◆ What the task requires ◆
Every record should be written out exactly, with the pictures left out.

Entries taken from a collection
::::::
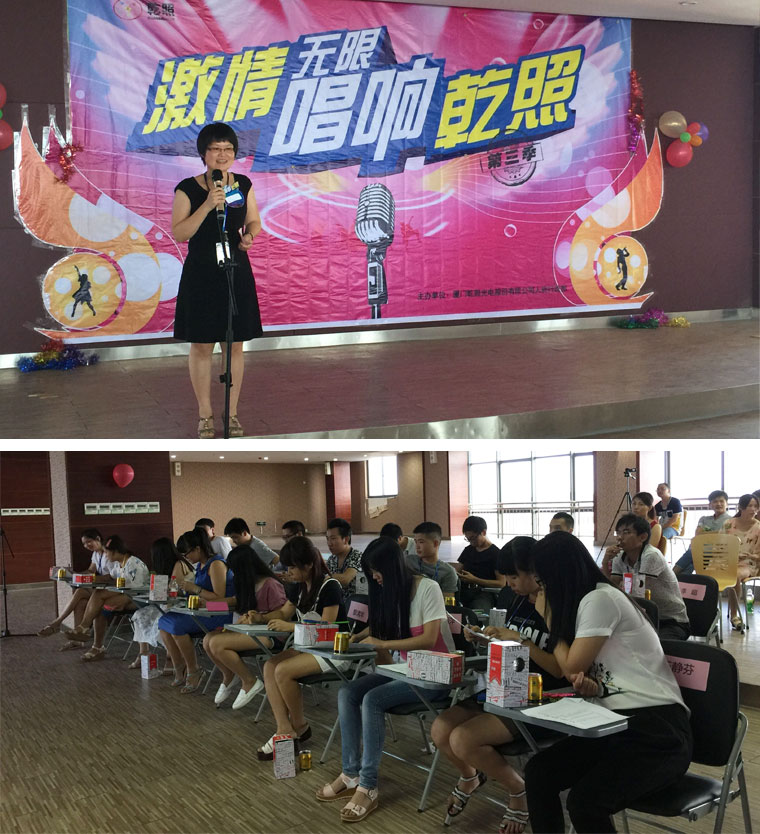 該比賽在辦公樓8樓大禮堂舉行,雖然沒有專業(yè)的場地,但負(fù)責(zé)此次活動的組委會成員各揚(yáng)己長,設(shè)計(jì)海報(bào),宣傳報(bào)名、布置場地,選拔主持人、拉贊助等,實(shí)現(xiàn)了小制作,大實(shí)現(xiàn)的效果。組委會還給選手評委準(zhǔn)備貼心小禮物,讓大家由衷地感受到他們的用心。本次比賽不僅是為大家提供展示歌唱風(fēng)采的舞臺,更讓大家感受到了乾照這個大家庭的溫馨,推動了我司員工精神文明的建設(shè)。讓我們期待下一季的歌唱比賽吧!
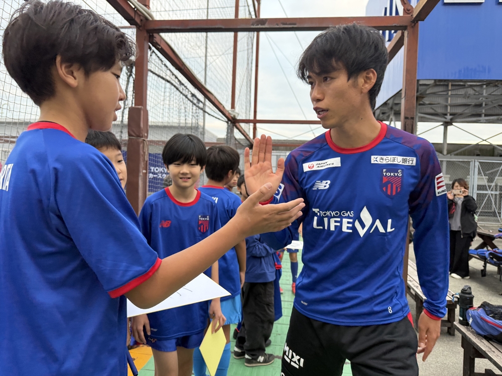 Depois disso, o jogador Kou compartilhou dicas e pontos importantes sobre os temas da escola, "controle" e "passe", baseando-se em sua própria experiência, e os demonstrou na prática.
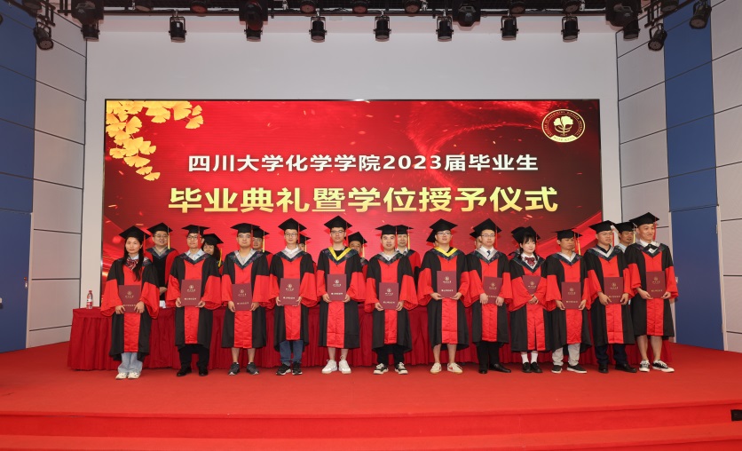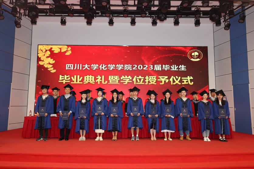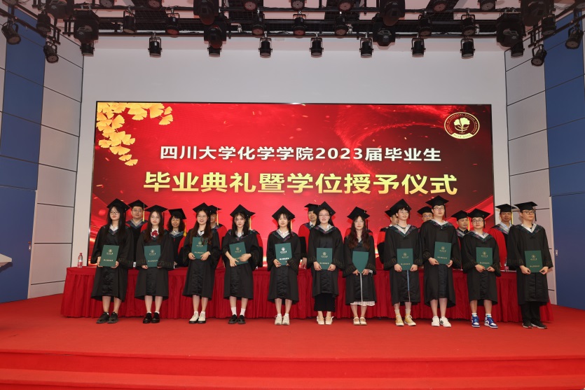 2023年6月20日上午,四川大学化学学院2023届学生毕业典礼暨学位授予仪式在望江校区东三教演播厅举行。中国工程院王玉忠院士、化学学院党委书记谢均教授、教授委员会主任陈华教授、化学学院吕弋教授、汪秀丽教授、杨成教授、王健礼教授、徐世美教授、张程教授、化学学院副院长马利建教授、副院长郑成斌教授、副院长李坤教授,以及全体辅导员老师、毕业生代表参加了此次活动,本次典礼由学院党委副书记肖波老师主持。
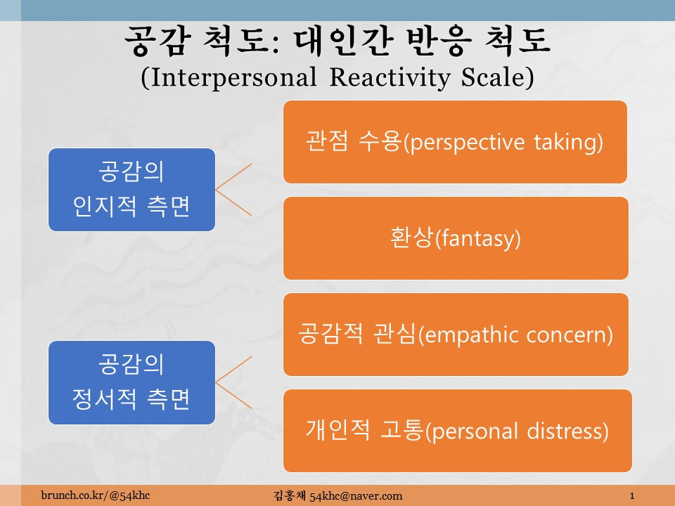 데이비스(1983)는 공감의 인지적 측면을 관점 수용(perspective taking)과 환상(fantasy)으로 정서적 측면을 공감적 관심(empathic concern)과 개인적 고통(personal distress)으로 구성된 공감 척도인 대인 간 반응 척도(Interpersonal Reactivity Scale)를 개발하였습니다(아래 표 참조).
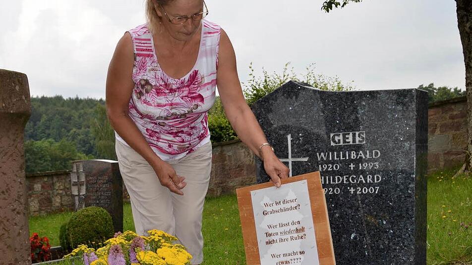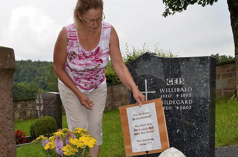 Auch Lydia Muth hat schon daran gedacht. "Vielleicht habe ich mal jemanden mit einer Äußerung verletzt", sagt sie. Umso weniger kann sie verstehen, dass deshalb das Grab ihrer Eltern verunstaltet wird. Seit Kurzem hat sie sogar ein Schild an der Ruhestätte stehen. "Wer ist dieser Grabschänder? Wer lässt den Toten wiederholt nicht ihre Ruhe? Wer macht so etwas?", ist darauf zu lesen. Doch gemeldet hat sich noch niemand. "Wer ein Problem mit mir hat, der soll mich ansprechen. Es findet sich immer eine Lösung", sagt sie.
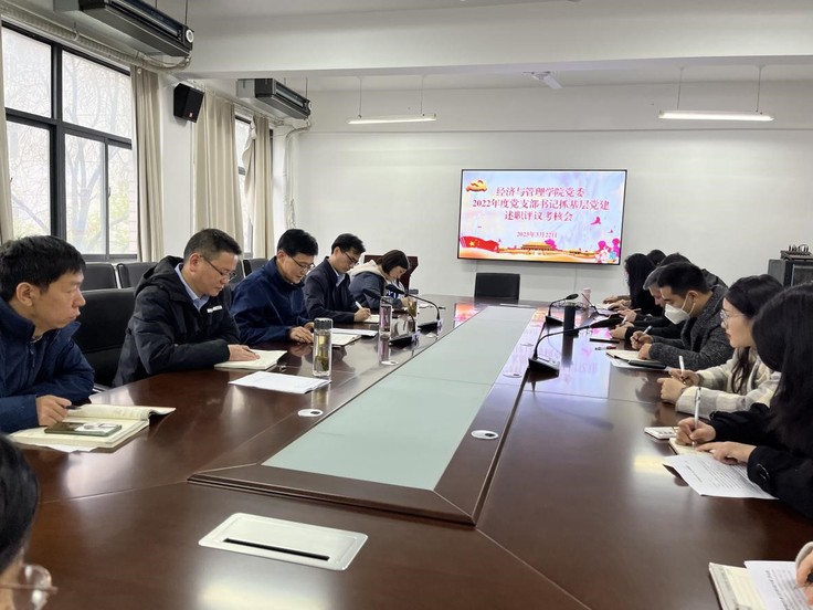 本网讯 为全面提高党建质量,夯实基层党建工作,充分发挥基层党组织的战斗堡垒作用,3月22日上午,经济与管理学院党委召开2022年度党支部书记抓党建述职评议考核工作会议。学院党委班子成员、基层党支部书记、教师代表参加会议。
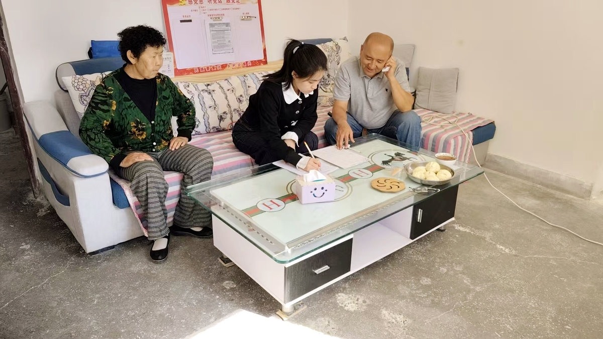 何启慧(中)入户走访。(察汗乌苏村村委会供图)
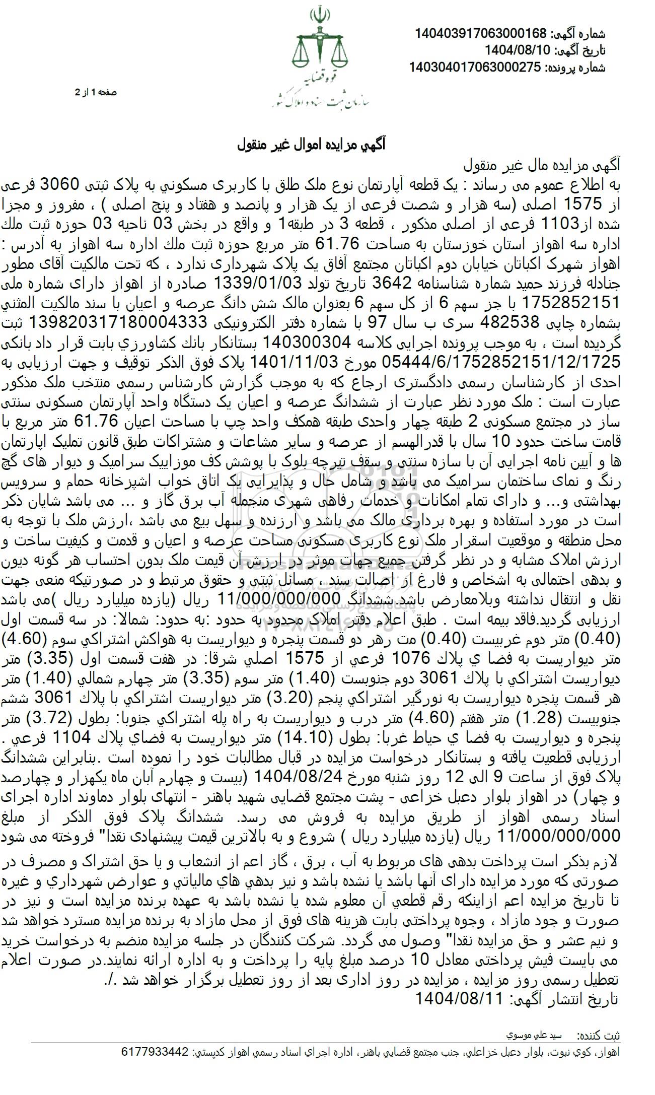 . به اطلاع عموم می رساند: یک قطعه آپارتمان نوع ملک طلق با کاربری مسکونی به پلاک ثبتی 3060 فرعی از 1575 اصلی سه هزار و شصت فرعی از یک هزار و پانصد و هفتاد و پنج اصلی ، مفروز و مجرا شده از 1103 فرعی از اصلی مذکور، قطعه 3 در طبقه 1 و واقع در بخش 03 ناحیه 03 حوزه ثبت ملک اداره سه اهواز استان خوزستان به مساحت 61.76 متر مربع حوزه ثبت ملک اداره سه اهواز به آدرس : اهواز شهرک اکباتان خیابان دوم اکباتان مجتمع افاق یک پلاک شهرداری ندارد، که تحت مالکیت آقای مطور جنادله فرزند حمید شماره شناسنامه 3642 تاریخ تولد 1339.01.03 صادره از اهواز دارای شماره ملی 1752852151 با جز سهم 6 از کل سهم 6 بعنوان سهم 6 بعنوان مالک شش دانگ عرصه و اعیان با سند مالکیت المثنی بشماره چاپی 482538 سری ب سال 97 با شماره دفتر الکترونیکی 139820317180004333 ثبت گردیده است، به موجب پرونده اجرایی کلاسه 140300304 بستانکار بانک کشاورزی بابت قرار داد بانکی 05444.6.1752852151.12.1725 مورخ 1401.11.03 پلاک فوق الذکر توقیف و جهت ارزیابی به احدی از کارشناسان رسمی دادگستری ارجاع که به موجب گزارش کارشناس رسمی منتخب ملک مذکور عبارت است : ملک مورد نظر عبارت از ششدانگ عرصه و اعیان یک دستگاه واحد آپارتمان مسکونی سنتی ساز در مجتمع مسکونی 2 طبقه چهار واحدی طبقه همکف واحد چپ با مساحت اعیان 61.76 متر مربع با قامت ساخت حدود 10 سال با قدر الهسم از عرصه و سایر مشاعات و مشتراکات طبق قانون تملیک آپارتمان ها و آیین نامه اجرایی آن با سازه سنتی و سقف تیرچه بلوک با پوشش کف موزاییک سرامیک و دیوارهای گچ رنگ و نمای ساختمان سرامیک میباشد و شامل حال و پذایرایی یک اتاق خواب اشپزخانه حمام و سرویس بهداشتی و.... و دارای تمام امکانات و خدمات رفاهی شهری منجمله آب برق گاز و .... می باشد شایان ذکر است در مورد استفاده و بهره برداری مالک میباشد و ارزنده و سهل بیع میباشد ارزش ملک با توجه به محل منطقه و موقعیت اسقرار ملک نوع کاربری مسکونی مساحت عرصه و اعیان و قدمت و کیفیت ساخت و ارزش املاک مشابه و در نظر گرفتن جمیع جهات موثر در ارزش آن قیمت ملک بدون احتساب هر گونه دیون و بدهی احتمالی به اشخاص و فارغ از اصالت سند ، مسائل ثبتی و حقوق مرتبط و در صورتیکه منعی جهت نقل و انتقال نداشته و بلا معارض باشد. ششدانگ 11.000.000.000 ریال یازده میلیارد ریال می باشد ارزیابی گردید. فاقد بیمه است. طبق اعلام دفتر املاک محدود به حدود به حدود شمالا در سه قسمت اول (0.40) متر دوم غربیست (0.40) مت رهر دو قسمت پنجره و دیواریست به هواکش اشتراکی سوم (4.60) متر دیواریست به فضای پلاک 1076 فرعی از 1575 اصلی شرقا در هفت قسمت اول (3.35) متر دیواریست اشتراکی با پلاک 3061 دوم جنوبست (1.40) متر سوم (3.35) متر چهارم شمالی (1.40) متر هر قسمت پنجره دیواریست به نورگیر اشتراکی پنجم (3.20) متر دیواریست اشتراکی با پلاک 3061 ششم جنوبیست (1.28) متر هفتم (4.60) متر درب و دیواریست به راه پله اشتراکی جنوبا بطول (3.72) متر پنجره و دیواریست به فضای حیاط عربا بطول (14.10) متر دیواریست به فضای پلاک 1104 فرعی . ارزیابی قطعیت یافته و بستانکار درخواست مزایده در قبال مطالبات خود را نموده است . بنابراین ششدانگ پلاک فوق از ساعت 9 الی 12 روز شنبه مورخ 1404.08.24 بیست و چهارم آبان ماه یکهزار و چهارصد و چهار در اهواز بلوار دعبل خزاعی - پشت مجتمع قضایی شهید باهنر - انتهای بلوار دماوند اداره اجرای اسناد رسمی اهواز از طریق مزایده به فروش می رسد ششدانگ پلاک فوق الذکر از مبلغ 11.000.000.000 ریال یازده میلیارد ریال ( شروع و به بالاترین قیمت پیشنهادی نقدا" فروخته می شود لازم بذکر است پرداخت بدهیهای مربوط به آب ، برق ، گاز اعم از انشعاب و یا حق اشتراک و مصرف در صورتی که مورد مزایده دارای آنها باشد یا نشده باشد و نیز بدهی های مالیاتی و عوارض شهرداری و غیره تا تاریخ مزایده اعم از اینکه رقم قطعی آن معلوم شده یا نشده باشد به عهده برنده مزایده است و نیز در صورت وجود مازاد، وجوه پرداختی بابت هزینه های فوق از محل مازاد به برنده مزایده مسترد خواهد شد و نیم عشر و حق مزایده نقدا وصول میگردد. شر
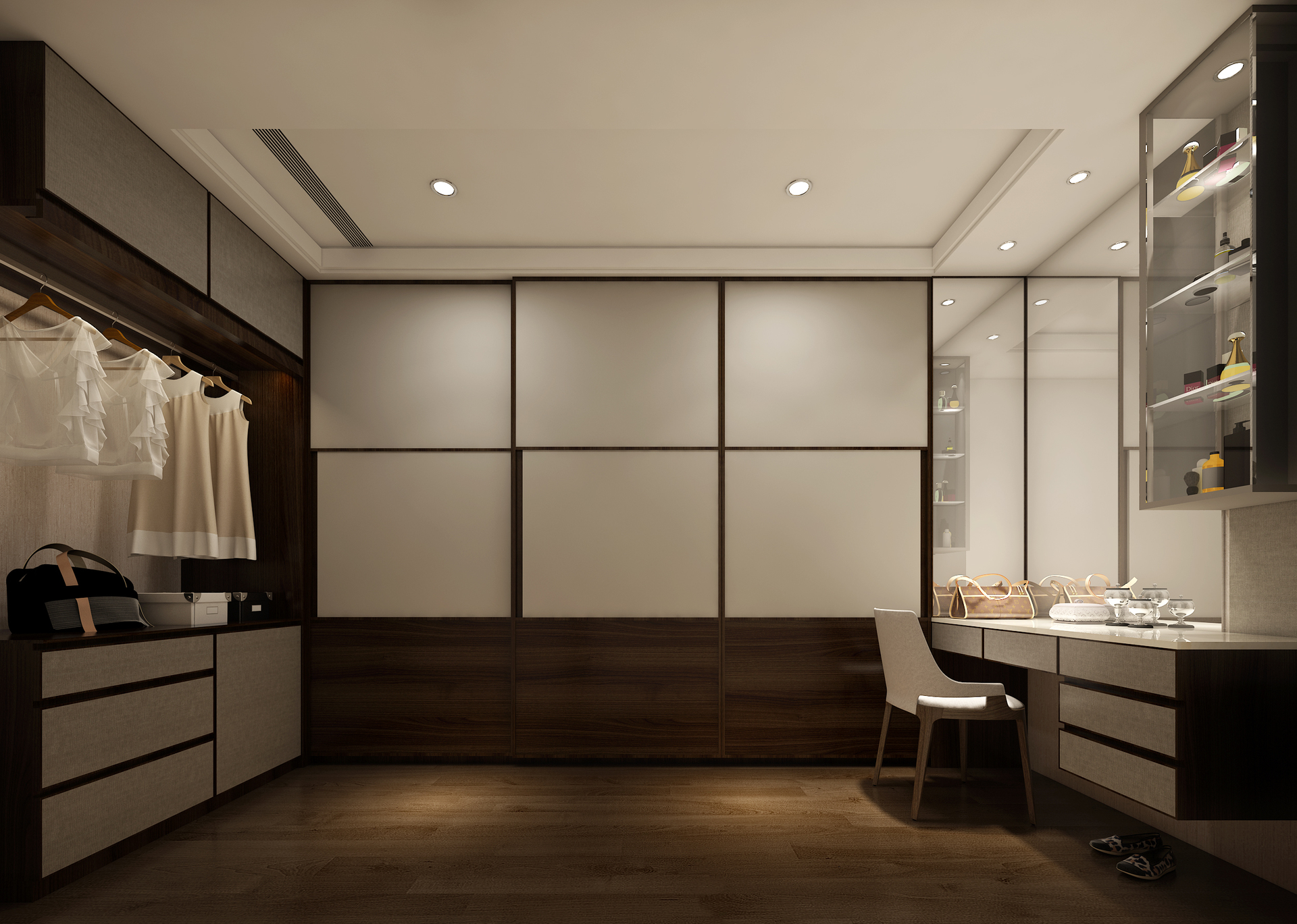 更衣室內同時也有化妝桌設計及大量的鏡面運用,讓屋主在出外時挑選衣物、化妝、打點自己,都可以一氣呵成,這裡就是屋主展示自我時尚的最佳空間。
::::::
◆ Exercise response ◆
 該比賽在辦公樓8樓大禮堂舉行,雖然沒有專業(yè)的場地,但負(fù)責(zé)此次活動的組委會成員各揚(yáng)己長,設(shè)計(jì)海報(bào),宣傳報(bào)名、布置場地,選拔主持人、拉贊助等,實(shí)現(xiàn)了小制作,大實(shí)現(xiàn)的效果。組委會還給選手評委準(zhǔn)備貼心小禮物,讓大家由衷地感受到他們的用心。本次比賽不僅是為大家提供展示歌唱風(fēng)采的舞臺,更讓大家感受到了乾照這個大家庭的溫馨,推動了我司員工精神文明的建設(shè)。讓我們期待下一季的歌唱比賽吧!
 Depois disso, o jogador Kou compartilhou dicas e pontos importantes sobre os temas da escola, "controle" e "passe", baseando-se em sua própria experiência, e os demonstrou na prática.
 2023年6月20日上午,四川大学化学学院2023届学生毕业典礼暨学位授予仪式在望江校区东三教演播厅举行。中国工程院王玉忠院士、化学学院党委书记谢均教授、教授委员会主任陈华教授、化学学院吕弋教授、汪秀丽教授、杨成教授、王健礼教授、徐世美教授、张程教授、化学学院副院长马利建教授、副院长郑成斌教授、副院长李坤教授,以及全体辅导员老师、毕业生代表参加了此次活动,本次典礼由学院党委副书记肖波老师主持。
 데이비스(1983)는 공감의 인지적 측면을 관점 수용(perspective taking)과 환상(fantasy)으로 정서적 측면을 공감적 관심(empathic concern)과 개인적 고통(personal distress)으로 구성된 공감 척도인 대인 간 반응 척도(Interpersonal Reactivity Scale)를 개발하였습니다(아래 표 참조).
 Auch Lydia Muth hat schon daran gedacht. "Vielleicht habe ich mal jemanden mit einer Äußerung verletzt", sagt sie. Umso weniger kann sie verstehen, dass deshalb das Grab ihrer Eltern verunstaltet wird. Seit Kurzem hat sie sogar ein Schild an der Ruhestätte stehen. "Wer ist dieser Grabschänder? Wer lässt den Toten wiederholt nicht ihre Ruhe? Wer macht so etwas?", ist darauf zu lesen. Doch gemeldet hat sich noch niemand. "Wer ein Problem mit mir hat, der soll mich ansprechen. Es findet sich immer eine Lösung", sagt sie.
 本网讯 为全面提高党建质量,夯实基层党建工作,充分发挥基层党组织的战斗堡垒作用,3月22日上午,经济与管理学院党委召开2022年度党支部书记抓党建述职评议考核工作会议。学院党委班子成员、基层党支部书记、教师代表参加会议。
 何启慧(中)入户走访。(察汗乌苏村村委会供图)
 . به اطلاع عموم می رساند: یک قطعه آپارتمان نوع ملک طلق با کاربری مسکونی به پلاک ثبتی 3060 فرعی از 1575 اصلی سه هزار و شصت فرعی از یک هزار و پانصد و هفتاد و پنج اصلی ، مفروز و مجرا شده از 1103 فرعی از اصلی مذکور، قطعه 3 در طبقه 1 و واقع در بخش 03 ناحیه 03 حوزه ثبت ملک اداره سه اهواز استان خوزستان به مساحت 61.76 متر مربع حوزه ثبت ملک اداره سه اهواز به آدرس : اهواز شهرک اکباتان خیابان دوم اکباتان مجتمع افاق یک پلاک شهرداری ندارد، که تحت مالکیت آقای مطور جنادله فرزند حمید شماره شناسنامه 3642 تاریخ تولد 1339.01.03 صادره از اهواز دارای شماره ملی 1752852151 با جز سهم 6 از کل سهم 6 بعنوان سهم 6 بعنوان مالک شش دانگ عرصه و اعیان با سند مالکیت المثنی بشماره چاپی 482538 سری ب سال 97 با شماره دفتر الکترونیکی 139820317180004333 ثبت گردیده است، به موجب پرونده اجرایی کلاسه 140300304 بستانکار بانک کشاورزی بابت قرار داد بانکی 05444.6.1752852151.12.1725 مورخ 1401.11.03 پلاک فوق الذکر توقیف و جهت ارزیابی به احدی از کارشناسان رسمی دادگستری ارجاع که به موجب گزارش کارشناس رسمی منتخب ملک مذکور عبارت است : ملک مورد نظر عبارت از ششدانگ عرصه و اعیان یک دستگاه واحد آپارتمان مسکونی سنتی ساز در مجتمع مسکونی 2 طبقه چهار واحدی طبقه همکف واحد چپ با مساحت اعیان 61.76 متر مربع با قامت ساخت حدود 10 سال با قدر الهسم از عرصه و سایر مشاعات و مشتراکات طبق قانون تملیک آپارتمان ها و آیین نامه اجرایی آن با سازه سنتی و سقف تیرچه بلوک با پوشش کف موزاییک سرامیک و دیوارهای گچ رنگ و نمای ساختمان سرامیک میباشد و شامل حال و پذایرایی یک اتاق خواب اشپزخانه حمام و سرویس بهداشتی و.... و دارای تمام امکانات و خدمات رفاهی شهری منجمله آب برق گاز و .... می باشد شایان ذکر است در مورد استفاده و بهره برداری مالک میباشد و ارزنده و سهل بیع میباشد ارزش ملک با توجه به محل منطقه و موقعیت اسقرار ملک نوع کاربری مسکونی مساحت عرصه و اعیان و قدمت و کیفیت ساخت و ارزش املاک مشابه و در نظر گرفتن جمیع جهات موثر در ارزش آن قیمت ملک بدون احتساب هر گونه دیون و بدهی احتمالی به اشخاص و فارغ از اصالت سند ، مسائل ثبتی و حقوق مرتبط و در صورتیکه منعی جهت نقل و انتقال نداشته و بلا معارض باشد. ششدانگ 11.000.000.000 ریال یازده میلیارد ریال می باشد ارزیابی گردید. فاقد بیمه است. طبق اعلام دفتر املاک محدود به حدود به حدود شمالا در سه قسمت اول (0.40) متر دوم غربیست (0.40) مت رهر دو قسمت پنجره و دیواریست به هواکش اشتراکی سوم (4.60) متر دیواریست به فضای پلاک 1076 فرعی از 1575 اصلی شرقا در هفت قسمت اول (3.35) متر دیواریست اشتراکی با پلاک 3061 دوم جنوبست (1.40) متر سوم (3.35) متر چهارم شمالی (1.40) متر هر قسمت پنجره دیواریست به نورگیر اشتراکی پنجم (3.20) متر دیواریست اشتراکی با پلاک 3061 ششم جنوبیست (1.28) متر هفتم (4.60) متر درب و دیواریست به راه پله اشتراکی جنوبا بطول (3.72) متر پنجره و دیواریست به فضای حیاط عربا بطول (14.10) متر دیواریست به فضای پلاک 1104 فرعی . ارزیابی قطعیت یافته و بستانکار درخواست مزایده در قبال مطالبات خود را نموده است . بنابراین ششدانگ پلاک فوق از ساعت 9 الی 12 روز شنبه مورخ 1404.08.24 بیست و چهارم آبان ماه یکهزار و چهارصد و چهار در اهواز بلوار دعبل خزاعی - پشت مجتمع قضایی شهید باهنر - انتهای بلوار دماوند اداره اجرای اسناد رسمی اهواز از طریق مزایده به فروش می رسد ششدانگ پلاک فوق الذکر از مبلغ 11.000.000.000 ریال یازده میلیارد ریال ( شروع و به بالاترین قیمت پیشنهادی نقدا" فروخته می شود لازم بذکر است پرداخت بدهیهای مربوط به آب ، برق ، گاز اعم از انشعاب و یا حق اشتراک و مصرف در صورتی که مورد مزایده دارای آنها باشد یا نشده باشد و نیز بدهی های مالیاتی و عوارض شهرداری و غیره تا تاریخ مزایده اعم از اینکه رقم قطعی آن معلوم شده یا نشده باشد به عهده برنده مزایده است و نیز در صورت وجود مازاد، وجوه پرداختی بابت هزینه های فوق از محل مازاد به برنده مزایده مسترد خواهد شد و نیم عشر و حق مزایده نقدا وصول میگردد. شر
 更衣室內同時也有化妝桌設計及大量的鏡面運用,讓屋主在出外時挑選衣物、化妝、打點自己,都可以一氣呵成,這裡就是屋主展示自我時尚的最佳空間。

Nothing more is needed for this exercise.